What to do: Since the pictures are not wanted, reproduce only the rest of the records, exactly as given.

[Dataset excerpts]

━━━━━━━━

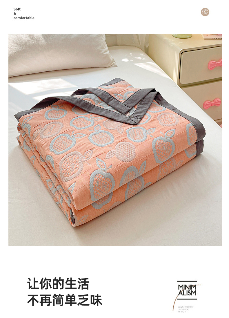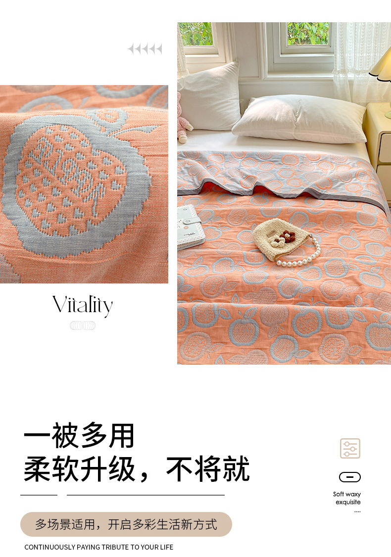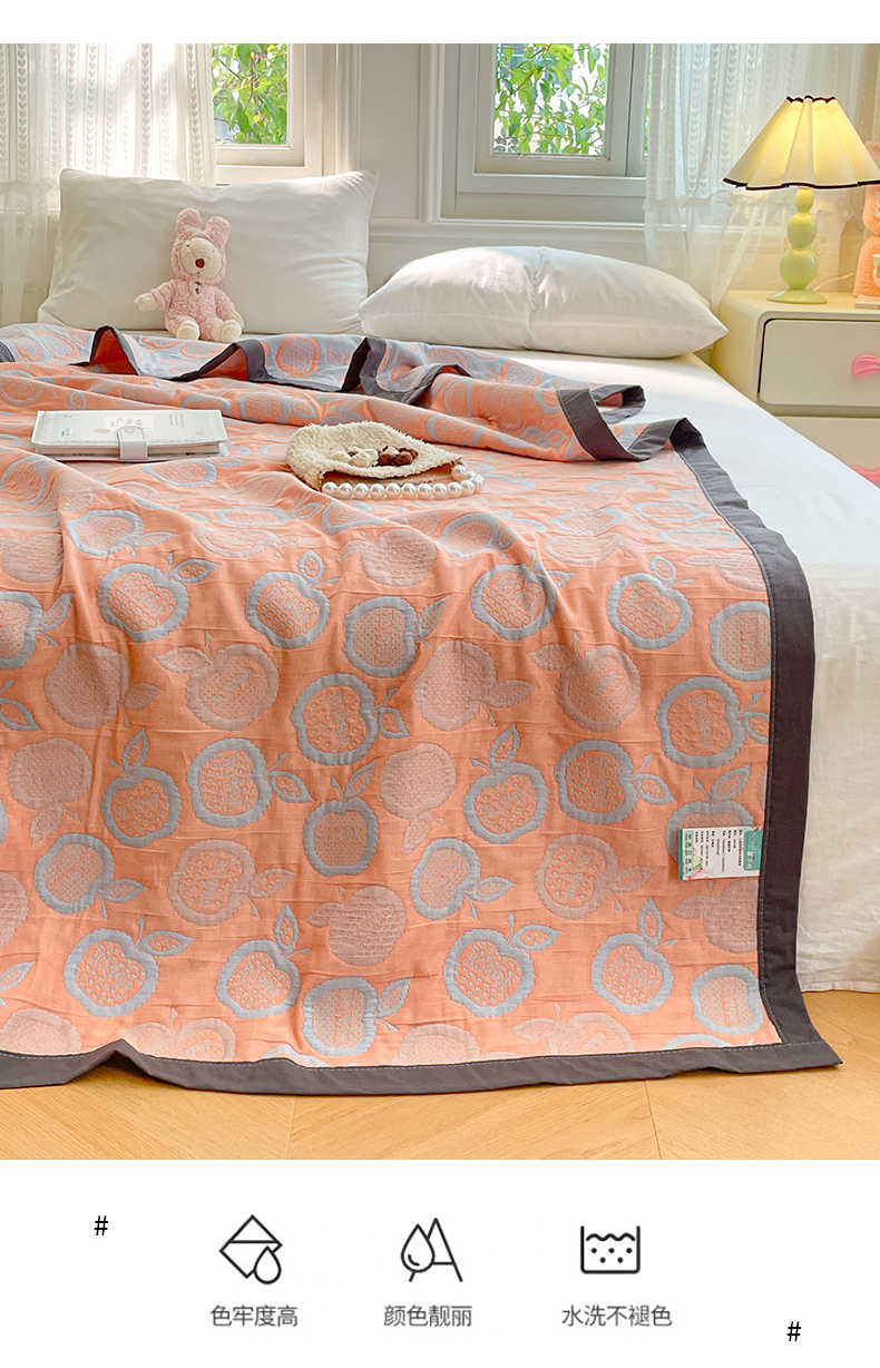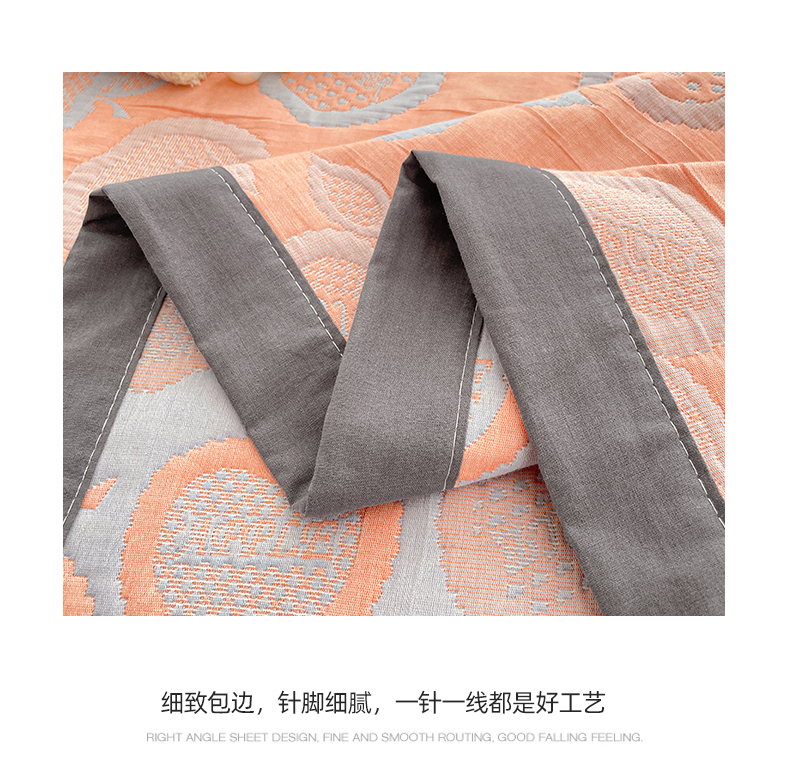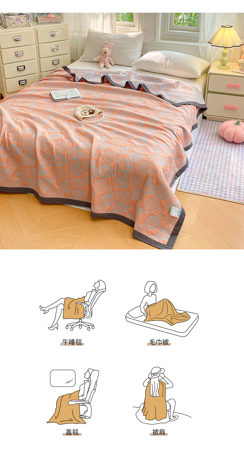 商品名称:云天家纺 2026新款A类全棉三层纱多功能毛巾被(盖毯床单夏被) 幸运苹果-桔
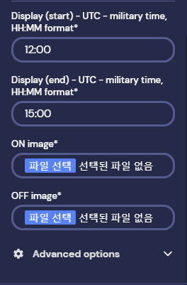 만약에 Display(start)에 '시간:분' 을 적어두면 해당시간에 설정한 이미지 등이 나타납니다.
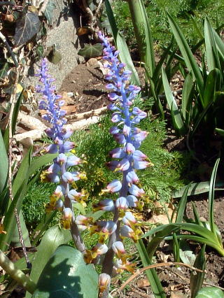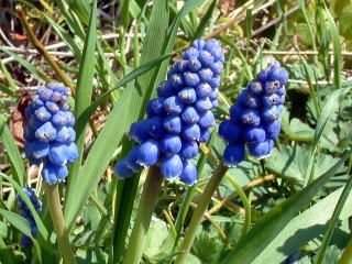 ムスカリ ニョッキリ、モッコリ、春のお目覚め ムスク=麝香(ジャコウ)から付いた名 ユリ科の花です。 (世田谷区祖師谷) |
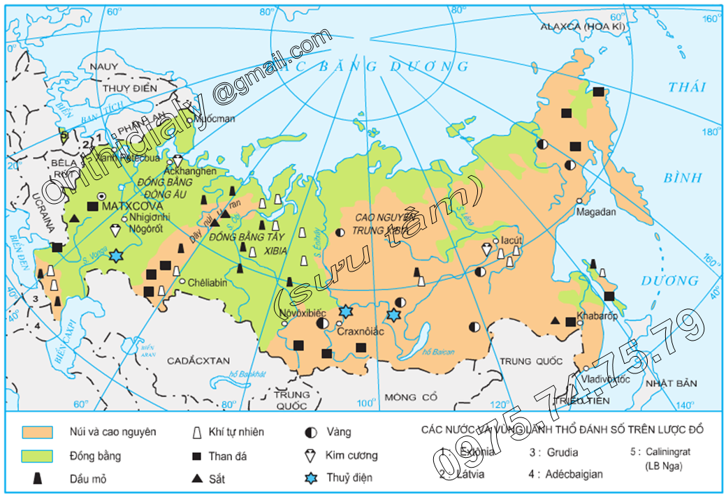 Hinh 8.1. Địa hình và khoáng sản Liên Bang Nga
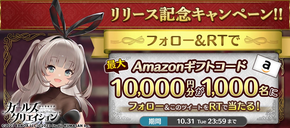 『ガ―ルズクリエイション』正式リリースを記念して、Amazonギフトコード最大10,000円分が抽選で500名様に当たるRTキャンペーンを開催いたします。

━━━━━━━━

Output for this task:
 商品名称:云天家纺 2026新款A类全棉三层纱多功能毛巾被(盖毯床单夏被) 幸运苹果-桔
 만약에 Display(start)에 '시간:분' 을 적어두면 해당시간에 설정한 이미지 등이 나타납니다.
 ムスカリ ニョッキリ、モッコリ、春のお目覚め ムスク=麝香(ジャコウ)から付いた名 ユリ科の花です。 (世田谷区祖師谷) |
 Hinh 8.1. Địa hình và khoáng sản Liên Bang Nga
 『ガ―ルズクリエイション』正式リリースを記念して、Amazonギフトコード最大10,000円分が抽選で500名様に当たるRTキャンペーンを開催いたします。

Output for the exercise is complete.